Latest posts | Feed | By Mark Brownlow on March 10, 2008

a pirate flagThe term "email reputation" has grown to mean many things. But no sensible marketer denies the fact that the emails you send have an impact on how recipients think about your wider business and brand.

This is both opportunity and problem.

On the opportunity side, it's the reason why we work hard to ensure our email marketing programs do everything right.

By respecting permission, controlling send frequencies, sending relevant content, using an appropriate design, style and tone etc., we can make that impact a positive one.

Then there are the problems.

Unfortunately, those carefully constructed marketing emails are not the only emails that recipients are using to build an impression of your business.

That business is also associated with other emails which might be killing the reputation you strive so hard to build through your in-house marketing program.

The obvious candidates are the emails coming from your colleagues: customer service email, transactional email, email from other business units etc.

These have a marketing impact, too, wreaking havoc with frequencies, messaging etc. Which is why you read so much about centralizing email control.

But it doesn't stop there.

Third-party emails may be marketing on your behalf. And their email marketing practices reflect on your business and brand.

Do the following keep to the same standards you'd use for your own marketing emails?
  • Rental lists (is that rental list truly opt in?)
  • Sponsorships (newsletters featuring your ads)
  • Partner emails (maybe you arranged an ad swap with a business selling related -- but not competing -- services and products?)
  • Affiliate emails (how do your affiliates promote you via email?)
If you use any of the above, they are each helping build (or destroy) your "email reputation."

Here two examples to illustrate the point:

1. Bryan Eisenberg describes how one leading company became an unwitting and unintentional "spammer" through using rental lists.
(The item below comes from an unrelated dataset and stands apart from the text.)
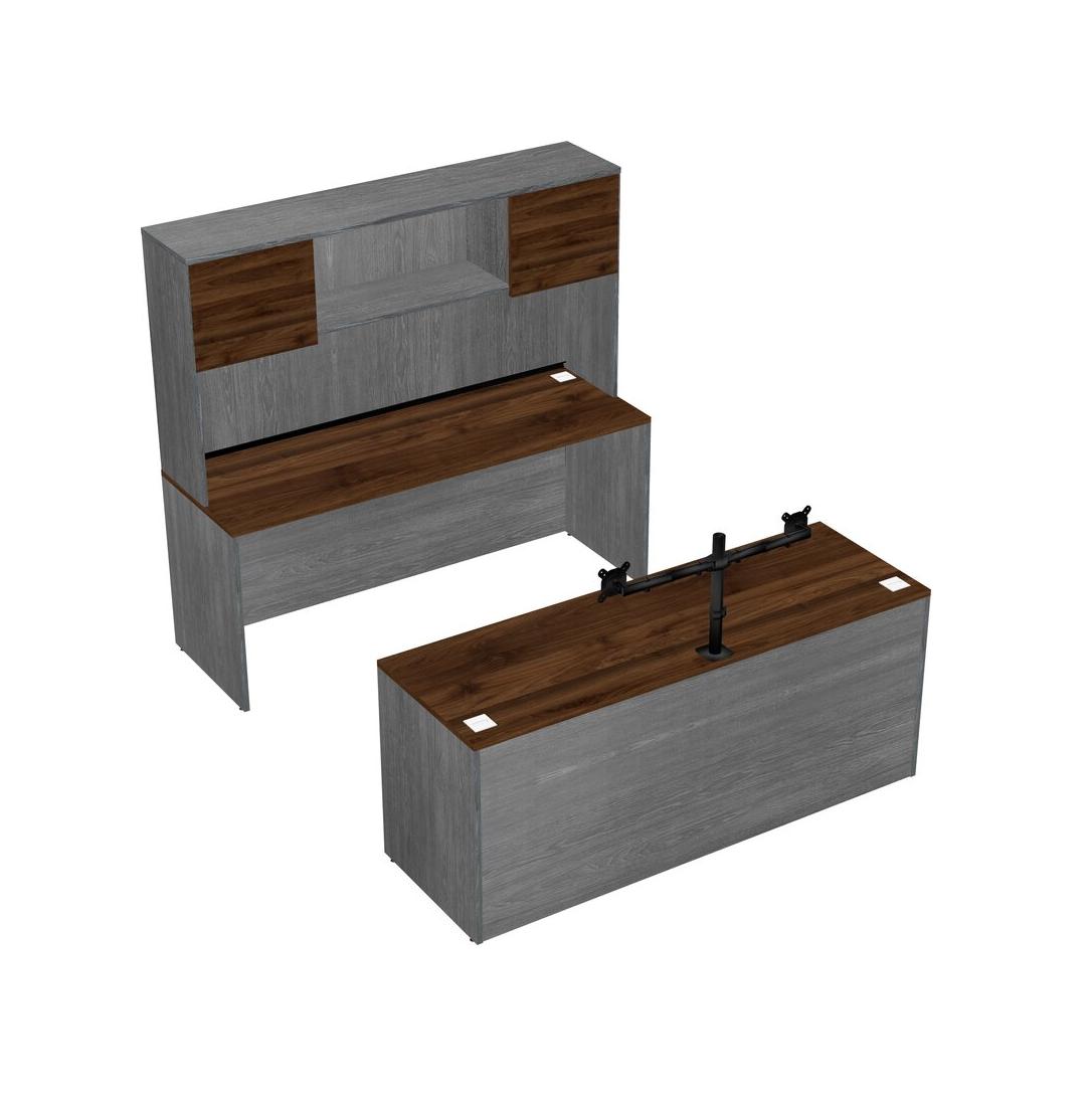 Office Parallel Desk Credenza Desk + Hutch + Monitor Arm (double Arms)
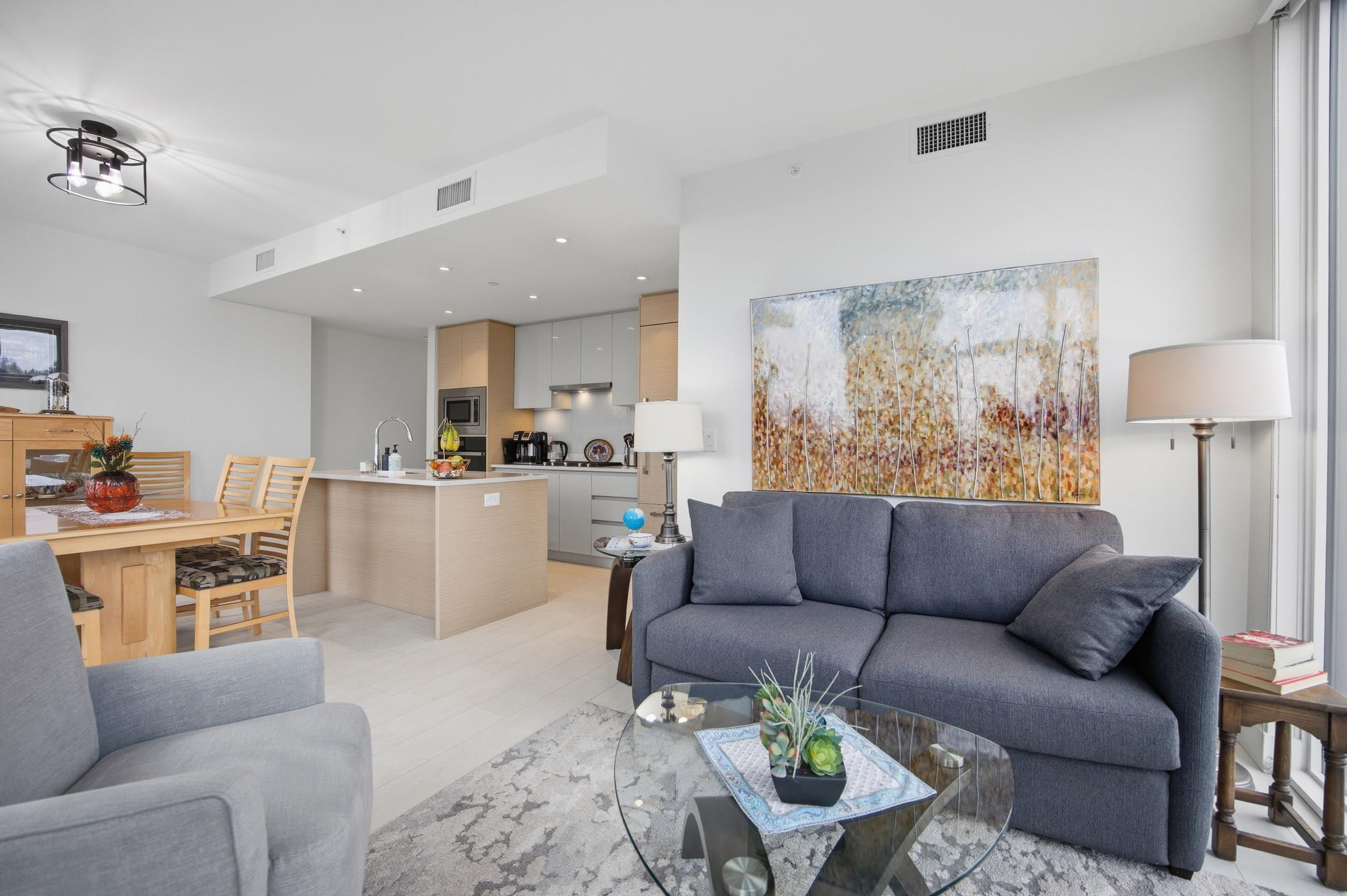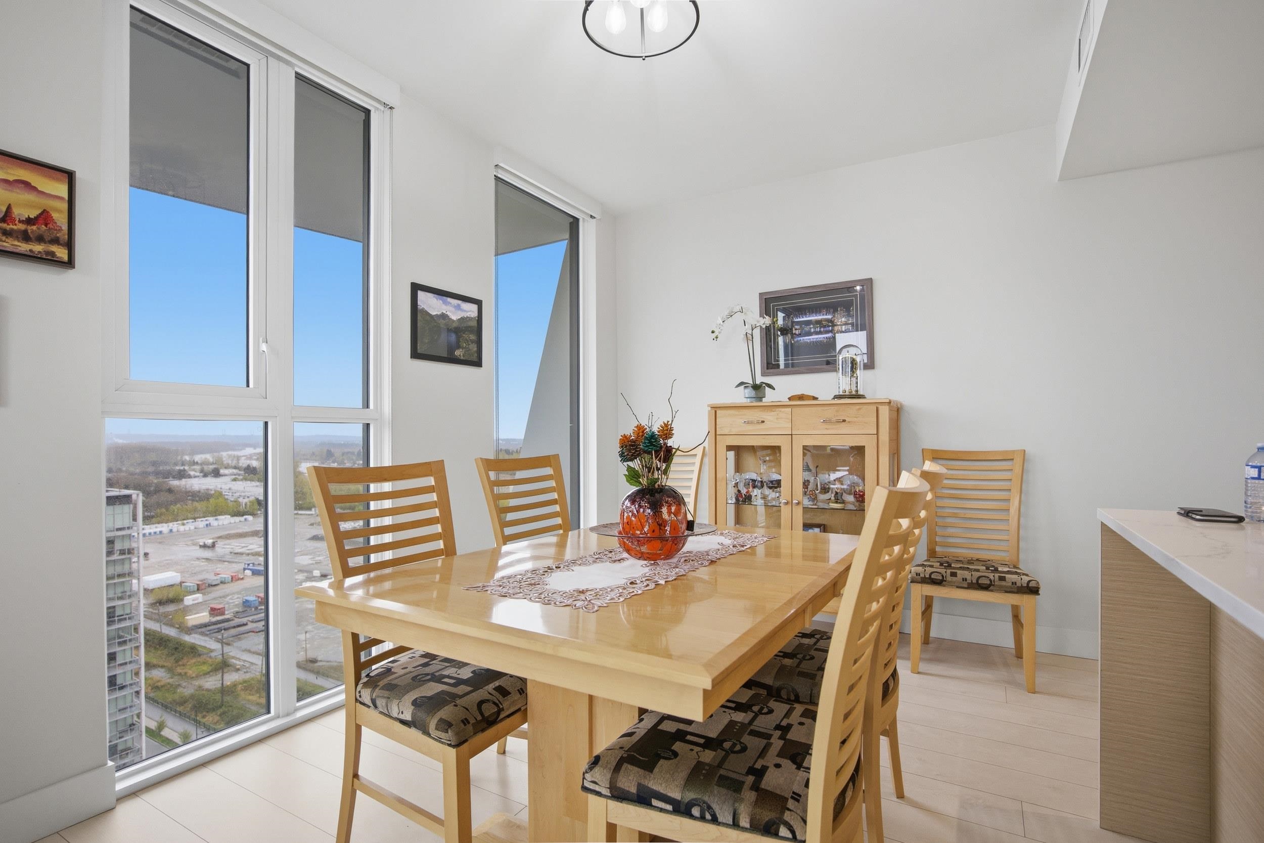 Rare 3-Bed Corner Unit at Avalon 3 Experience elevated living in this pristine UPPER CORNER UNIT at Avalon 3. Boasting breathtaking 180-DEGREE UNOBSTRUCTED VIEWS of the Fraser River and Mt. Baker from TWO PRIVATE BALCONIES, this rare 3-BED, 3-BATH residence is designed for modern comfort. The immaculate interior features an OPEN-CONCEPT CHEF’S KITCHEN with a large island, PREMIUM STAINLESS STEEL APPLIANCES, and a GAS STOVE. Stay cool with INTEGRATED A/C and floor-to-ceiling windows. Includes 2 PARKING STALL...

He also reports on the actions they're taking to prevent a repeat.

2. Many companies targeting marketers promote webinars and white papers by renting subscriber lists from different B2B marketing websites and publications.

Trouble is, info-hungry marketing people like me are on all these lists. The result of one particularly careless rental campaign? Five emails from five websites (fine) advertising the same webinar from the same company in the space of two days (not so fine).

Time perhaps to cast an evaluative eye on who else is driving your email reputation?